There’s some trouble between Patsy and Vera Bogg, thank lucky stars. I know this because on the way to my desk, Patsy Cline grabs my arm and pulls me over to Miss Stunkel’s bulletin board. Under the big green letters
ORGANIZATION IS THE KEY TO SUCCESS
, Patsy whispers to me, “I’ve got trouble.”

“You’re wearing a turtleneck shirt,” I say. Which she doesn’t ever do, because turtles have tails.

She says yes, scratching her elbow, but that’s not the problem. Then she looks over my shoulder and says, “I need to tell you something.”

I can’t help but smile. Finally, Patsy Cline is going to tell me her problem just like a best friend should.

“You remember the shell necklace that I got at the Portwaller History Museum?”

“I’m not sure,” I say, because when you’re pretending not to know something, you have to act like you don’t have it sitting on a dinner plate in your closet at home.

“It says ‘friends forever.’ The same as Vera’s. You don’t remember?”

“I don’t know,” I say. “Is it a necklace?”

“I just said it was a necklace,” says Patsy. “Anyway, I lost it somehow.”

I say, “You did? Where? In here? In the hallway by the coatrack?” Pretending is harder than it looks.

“Penelope, if I knew where I lost it, then it wouldn’t be lost,” she says. “It would be found. And I would be wearing it right now. What’s the matter with you?”

“Oh, right. Sorry.”

“The trouble is, Vera keeps asking about it, but I don’t know what to tell her.”

“Just tell her you lost it,” I say. “Or wait! Let
me
tell her for you.”

“No,” Patsy says. “Vera is different.”

“She’s different, all right,” I say, shaking my head. “All that pink.”

Patsy Cline rolls her eyeballs at me and says that’s not what she means. And then she says in a shy voice, “I want her to like me.”

“Why?”

She huffs. “So she’ll be my friend.”

Those words practically kill me dead. I’m left behind again, just like in the Portwaller History Museum, alone with all the other things that have been left behind. This is what it feels like to be a mangy teddy. “What about me?” I ask, holding my breath. Before she has a chance to answer, Vera Bogg is beside us.

“Do you think we’ll have a surprise quiz today on percentages?” Vera asks, staring at Patsy.

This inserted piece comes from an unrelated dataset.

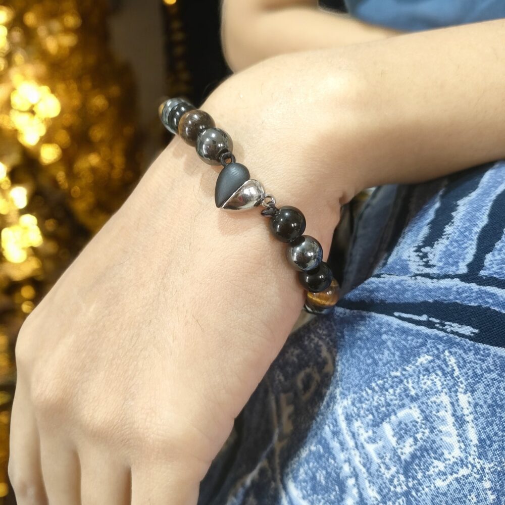 💖The idea of combining magnets with triple protection bracelets (Tiger’s Eye, Black Obsidian, and Hematite) often comes from the belief that magnets can enhance or complement the energetic properties of crystals. While the benefits of the individual crystals are largely based on metaphysical beliefs and traditional practices, the addition of magnets introduces a separate realm of potential effects related to magnetic therapy. Here’s a breakdown of the perceived benefits when magnets are incorporated into triple protection bracelets: Benefits from the Crystals (as discussed previously): Black Obsidian: Strong protection against negative energy, grounding, emotional healing, releasing trauma. Tiger’s Eye: Confidence, courage, mental clarity, attracting abundance, protection from ill intentions. Hematite: Grounding, transmuting negative energy, balancing mind-body-spirit, promoting focus. (Note: Pure hematite is generally weakly magnetic or non-magnetic, though some forms, or “magnetic hematite” which is often a synthetic material, can be strongly magnetic).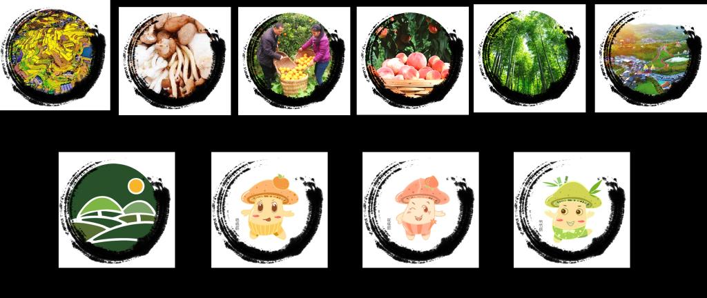 二、艺术IP打造:结合绿水村自然景观、经济产业、人文文化特征,重点对绿水村视觉形象系统VI、农特产品包装、超级IP文创进行整体策划,对绿水村的形象定位、吉祥物、公共标识、产品包装、办公用品、文创产品等进行详细设计,充分展示绿水村的农业特色、旅游资源、文化形象,助力乡村文化产业的振兴。其中,绿水村形象VI以“山脉、梯田、菌菇、红日”为基本设计元素,绿色山脉与梯田展现绿水村的农趣美景,菌菇与红日寓意绿水村的产业发展与未来希望,方案突出人与自然和谐共生的理念,蕴涵绿水村的农耕文化、菌谷文化和田园风光。

Patsy looks like she’s having some sort of allergy attack from her shirt and doesn’t answer. So I say, “I think we have a fifty percent chance.” Which is a pretty clever thing to say, in my opinion. But Vera just looks at me all serious and says, “Really?”

Well, then.

Vera goes on about how Miss Stunkel likes to give surprise quizzes, which everybody already knows anyway. And the whole time Vera’s talking, she’s got ahold of her necklace, sliding the sand dollar back and forth along the chain and staring at Patsy’s turtled neck. Finally, she says, “Did you forget your necklace again, Patsy Cline?”

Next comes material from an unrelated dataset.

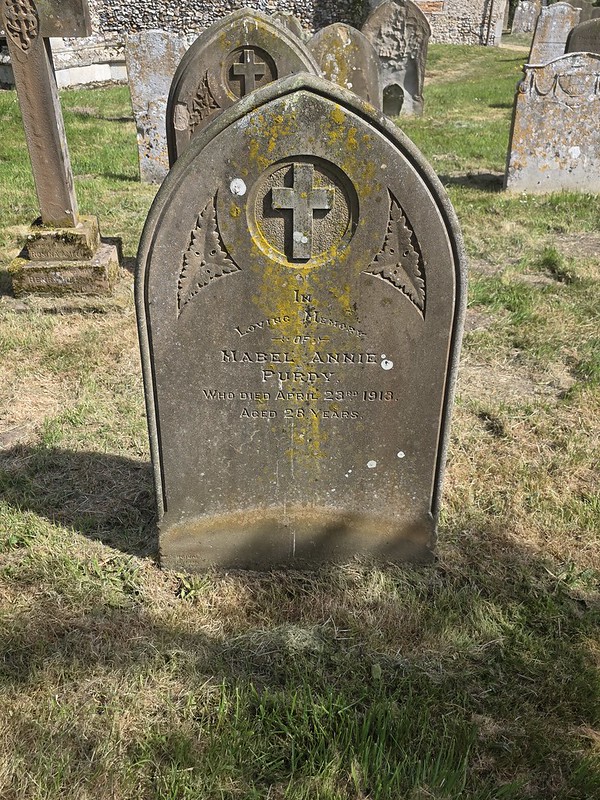 This grave at the Church of St. Thomas the Apostle caught my eye as it commemorated the life of Mabel Annie Purdy who died according to the gravestone at the young age of just 28. I was initially confused as the church’s birth register notes that a Mabel Annie Purdy was born on 25 November 1882 and baptised on 15 February 1883. However, I then noticed a birth of Mabel Annie Purdy on 7 August 1883 and baptism on 26 October 1884, so I assume the first little girl died and they wanted to give their next child the same name. Both girls were the daughters of Henry Purdy, a publican, and Rosina Purdy (nee Connell). The pub that they ran was the Chequers in the village, which closed in 1968, but apparently the pub sign remains in place so the building on Stocks Hill remains. Henry was a farmer and he was the licensee of the pub between 1863 and very early in 1913, when he died, which is quite a tenure.

Now Patsy looks like she’s the one that’s going to die. “Ummm, well, ummm. I don’t know. Ummm, lost.”

“Lost?” says Vera. “Where?”

“If she knew where she lost it,” I say, “then it wouldn’t be lost. It would be found. And then it would be hanging around her neck.” Then I give Patsy a look that says, Aren’t You Lucky to Have Me for a Best Friend?

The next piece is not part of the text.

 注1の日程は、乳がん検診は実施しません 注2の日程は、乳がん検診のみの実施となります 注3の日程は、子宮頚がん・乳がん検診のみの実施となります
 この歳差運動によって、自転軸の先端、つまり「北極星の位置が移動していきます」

But Patsy must not think she’s very lucky at all, because she says, “Don’t be that way, Penelope.” And then she says to Vera, “The chain kept getting caught in my hair. And I took it off for a minute and then it got lost. I’m sorry we can’t be matching anymore.”

I don’t know what Patsy expected Vera Bogg to do, but all she says is, “I can help you look for it.”

All at once Patsy seems to be over her allergic reaction. And she has a smile on her face like I haven’t seen. And somehow, even without matching necklaces, Patsy is still on her way to being gone.